2. Filter to Claude and inspect the model
Open your monitoring results, filter to Claude, and select a response. Check the Model field for claude-haiku-5-5 before including it in your Haiku 5.5 baseline.
Use that response-level detail to distinguish new observations from historical Claude results. A provider-wide trend may include more than one model version over time.
3. Read the answer and its evidence
Review brand mentions, the description of your product, competing recommendations, and any cited pages together. Sentiment helps you investigate tone, while the answer itself shows the context behind it.
A favorable description and a citation answer different questions. Check the source link when one is available, and separate an accurate product explanation from an unsupported claim.
4. Record an action and measure again
Choose a specific improvement: clarify a feature explanation, update an outdated comparison, answer a missing buyer question, or add evidence to a product claim.
Record what changed and when. Revisit the same prompts in a comparable reporting period, checking the model again. Our guide to measuring AI search visibility provides a broader process for keeping these comparisons consistent.
Connect the answer to the content you can improve
Monitoring helps you find the question and answer that need attention. AI Search Console adds a view of specific published URLs and their observed citation activity. Together, they help you move from a visibility gap to a page your team can review.
Suppose an answer repeatedly overlooks a capability your product already offers. Start by checking whether your public content explains it clearly, names the intended audience, and provides useful evidence. Improve the relevant page, then follow subsequent answers and citations.
Keep business results in view as well. AI Traffic Analytics can add context about identifiable referral visits. A mention, a citation, and a customer visit remain separate observations; reviewing them together gives a fuller picture of performance.
Make Haiku 5.5 part of your next visibility review
Haiku 5.5 support gives igeo.ai teams a new model to include in their measurement process. Start with your most important buyer questions, inspect the Claude responses, and build a baseline your team can return to.
Open igeo.ai to review your monitoring, or book a demo to explore Claude coverage with your brand’s questions and goals.
Model information and API rates checked against Anthropic’s October 7, 2026 announcement. Cover adapted from Anthropic’s Haiku 5.5 announcement artwork.
Frequently asked questions
Does igeo.ai support Claude Haiku 5.5?
Yes. Claude Haiku 5.5 is now supported in igeo.ai. Review Claude results in your monitoring workspace and open an individual response to inspect its model, answer, and brand visibility details.
How can I check which Claude model produced a monitored answer?
Filter monitoring results to Claude, open an individual response, and check the Model field. The Claude provider label identifies the model family; the response’s model identifier tells you which version produced that observation. Haiku 5.5 uses the identifier claude-haiku-5-5.
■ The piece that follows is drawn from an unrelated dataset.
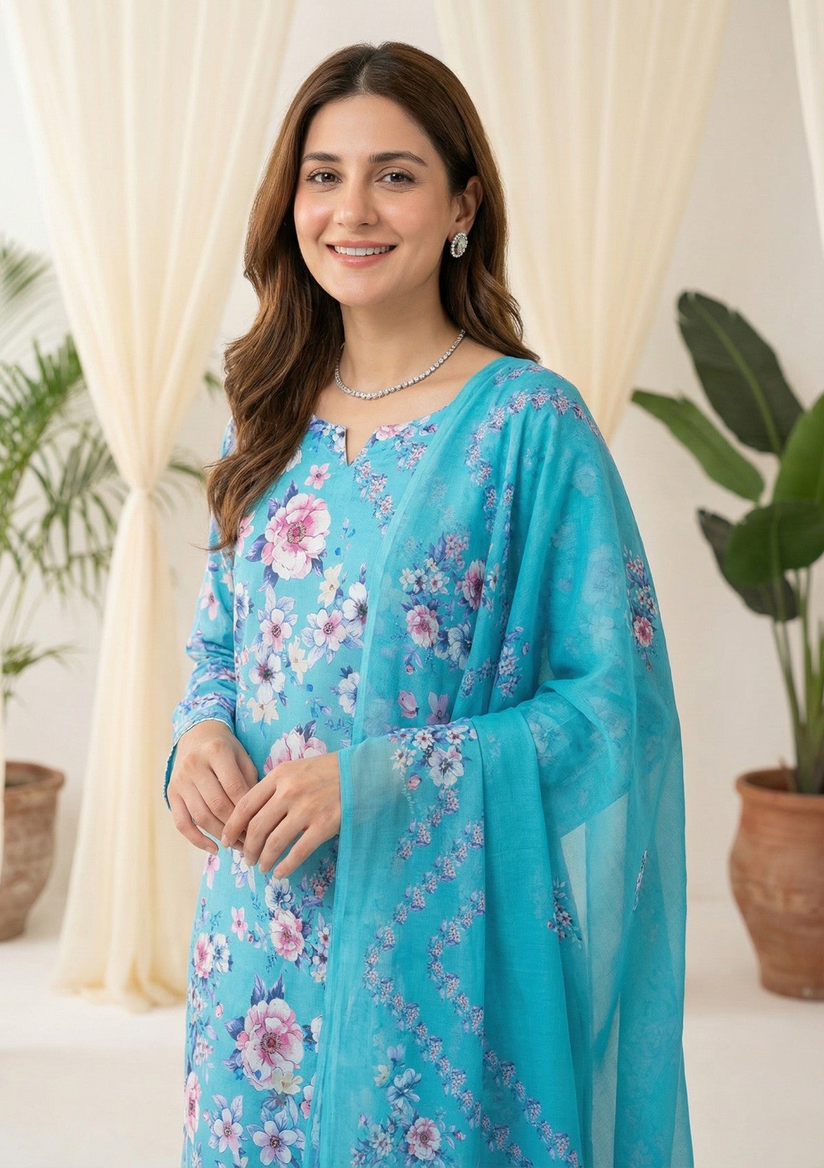 Package Includes: 3 Piece Top , Bottom & Dupatta

Does the Haiku 5.5 API price change my igeo.ai subscription?
Anthropic’s per-token API prices are separate from igeo.ai subscription pricing and usage allowances. Refer to your igeo.ai plan for the monitoring capacity and features included in your subscription.
Will Haiku 5.5 improve my brand’s visibility automatically?
Support lets you observe the model’s answers; it does not guarantee mentions, citations, or recommendations. Compare a consistent set of buyer questions, inspect the evidence behind changes, and use the findings to improve relevant content.